Наконец, увидев пустое дно, они выпрямились, избегая смотреть на демона и машинально отряхивая руки от пыли. Вдруг глаза Арники расширились:
— Где Руфус?
Кинулись во двор, но там лишь бродили, лениво переговариваясь, ничего не замечающие стражники. Горкан не хотел сам выступать с удобными для себя предположениями. От этой необходимости его избавила Арника:
— Это он, он украл чашу, — указывая рукой вдаль, на предполагаемый путь беглеца.
Тут Горкан поспешил вмешаться:
— Невозможно, ведь его осмотрел Калимдор, — и первый уставился в лицо колдуна, глаза которого невольно метнулись в сторону, хоть он больше кого-либо другого знал о собственной невиновности.
Уверенность Горкана перешла в удивление, сменившись подозрительностью, и он удовлетворенно наблюдал, как эти же выражения мелькают на лице женщины.

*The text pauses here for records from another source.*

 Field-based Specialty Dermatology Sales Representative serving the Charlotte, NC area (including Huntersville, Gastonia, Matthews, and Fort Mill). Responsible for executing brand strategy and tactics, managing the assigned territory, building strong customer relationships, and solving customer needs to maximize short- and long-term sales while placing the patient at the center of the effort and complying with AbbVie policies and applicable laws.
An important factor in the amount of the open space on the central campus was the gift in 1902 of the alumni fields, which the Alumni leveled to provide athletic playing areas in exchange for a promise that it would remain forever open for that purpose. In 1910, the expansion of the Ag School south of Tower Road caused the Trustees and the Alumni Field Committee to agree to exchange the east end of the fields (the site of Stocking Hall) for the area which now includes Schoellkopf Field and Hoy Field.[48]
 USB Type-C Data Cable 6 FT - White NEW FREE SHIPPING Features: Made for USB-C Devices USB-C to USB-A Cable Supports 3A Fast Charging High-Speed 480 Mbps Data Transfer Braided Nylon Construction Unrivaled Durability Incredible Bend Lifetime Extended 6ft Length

Она не стала церемониться:
— Полно, да осматривал ли Калимдор пленника. А может, наоборот, передал ему череп, зная, что тот очнулся и обязательно убежит?

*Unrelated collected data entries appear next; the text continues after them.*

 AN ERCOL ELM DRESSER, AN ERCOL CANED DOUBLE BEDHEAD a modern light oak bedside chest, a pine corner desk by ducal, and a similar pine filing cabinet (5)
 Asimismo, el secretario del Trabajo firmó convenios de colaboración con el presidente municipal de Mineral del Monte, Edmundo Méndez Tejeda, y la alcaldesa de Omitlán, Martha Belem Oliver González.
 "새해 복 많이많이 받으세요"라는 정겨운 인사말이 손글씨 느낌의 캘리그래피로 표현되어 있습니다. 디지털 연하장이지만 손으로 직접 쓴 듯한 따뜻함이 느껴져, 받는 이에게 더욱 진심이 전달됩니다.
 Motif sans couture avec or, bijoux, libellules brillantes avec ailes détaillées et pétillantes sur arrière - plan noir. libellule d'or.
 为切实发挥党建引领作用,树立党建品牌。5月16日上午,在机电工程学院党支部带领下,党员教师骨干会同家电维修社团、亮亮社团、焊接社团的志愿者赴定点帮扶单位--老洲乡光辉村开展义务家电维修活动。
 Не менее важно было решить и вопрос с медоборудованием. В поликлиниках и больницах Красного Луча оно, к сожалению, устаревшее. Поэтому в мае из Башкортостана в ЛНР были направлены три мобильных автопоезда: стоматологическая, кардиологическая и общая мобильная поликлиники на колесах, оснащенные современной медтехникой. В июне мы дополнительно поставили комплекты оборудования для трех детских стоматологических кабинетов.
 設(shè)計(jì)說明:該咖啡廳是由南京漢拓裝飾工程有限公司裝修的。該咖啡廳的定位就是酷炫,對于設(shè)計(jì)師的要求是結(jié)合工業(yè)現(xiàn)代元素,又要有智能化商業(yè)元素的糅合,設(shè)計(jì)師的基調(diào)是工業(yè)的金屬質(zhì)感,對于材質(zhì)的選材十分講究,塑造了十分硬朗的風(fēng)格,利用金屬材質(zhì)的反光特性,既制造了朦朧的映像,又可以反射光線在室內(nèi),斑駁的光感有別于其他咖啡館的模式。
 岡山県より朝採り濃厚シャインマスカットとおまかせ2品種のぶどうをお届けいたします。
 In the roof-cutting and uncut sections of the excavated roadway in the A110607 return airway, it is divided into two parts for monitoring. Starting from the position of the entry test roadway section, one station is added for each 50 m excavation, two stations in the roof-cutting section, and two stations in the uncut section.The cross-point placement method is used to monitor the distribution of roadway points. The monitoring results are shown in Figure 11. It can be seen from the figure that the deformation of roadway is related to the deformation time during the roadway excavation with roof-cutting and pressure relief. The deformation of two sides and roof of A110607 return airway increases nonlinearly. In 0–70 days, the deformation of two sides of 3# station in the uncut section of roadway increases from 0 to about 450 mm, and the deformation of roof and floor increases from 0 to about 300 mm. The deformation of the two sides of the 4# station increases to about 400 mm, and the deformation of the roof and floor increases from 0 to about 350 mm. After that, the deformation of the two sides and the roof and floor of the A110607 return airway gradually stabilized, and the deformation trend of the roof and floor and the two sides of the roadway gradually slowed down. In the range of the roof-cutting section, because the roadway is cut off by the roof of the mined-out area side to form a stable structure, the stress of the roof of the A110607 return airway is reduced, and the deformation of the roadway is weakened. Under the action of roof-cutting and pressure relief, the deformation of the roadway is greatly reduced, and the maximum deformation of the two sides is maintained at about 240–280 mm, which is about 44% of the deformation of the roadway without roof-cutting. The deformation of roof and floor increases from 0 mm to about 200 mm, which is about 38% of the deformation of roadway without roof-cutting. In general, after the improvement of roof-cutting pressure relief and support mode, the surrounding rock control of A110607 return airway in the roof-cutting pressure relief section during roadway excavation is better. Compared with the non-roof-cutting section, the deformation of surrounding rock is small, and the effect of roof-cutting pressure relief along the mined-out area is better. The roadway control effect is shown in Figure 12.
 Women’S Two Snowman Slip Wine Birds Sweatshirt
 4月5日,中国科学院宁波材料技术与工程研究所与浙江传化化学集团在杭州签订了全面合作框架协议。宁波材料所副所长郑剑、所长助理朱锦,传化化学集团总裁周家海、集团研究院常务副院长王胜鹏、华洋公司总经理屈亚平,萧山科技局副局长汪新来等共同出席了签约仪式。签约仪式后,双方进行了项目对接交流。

Обращаясь к Елистаре, она уже кричала:
— Да, эти двое украли чашу, сговорившись! Ведь кто-то же выпустил Руфуса из ямы, кому это было нужно, кроме Калимдора? Горкан никогда не стал бы помогать человеку, да и почти весь день он был в шатре со мною, а вот где бродил в это время колдун князя?
— Ах ты мерзкая девка! — закричал Калимдор с перекошенным злобой лицом. — Без меня вы не получили бы голову Всеслава, и теперь ты смеешь обвинять меня в предательстве?
Вдруг он взвизгнул, крутанувшись на месте.
Для Елистары слова жрицы оказались убедительнее всех иных доводов. Она хлестнула колдуна жалом дымящегося света, вылетевшего из ее недр.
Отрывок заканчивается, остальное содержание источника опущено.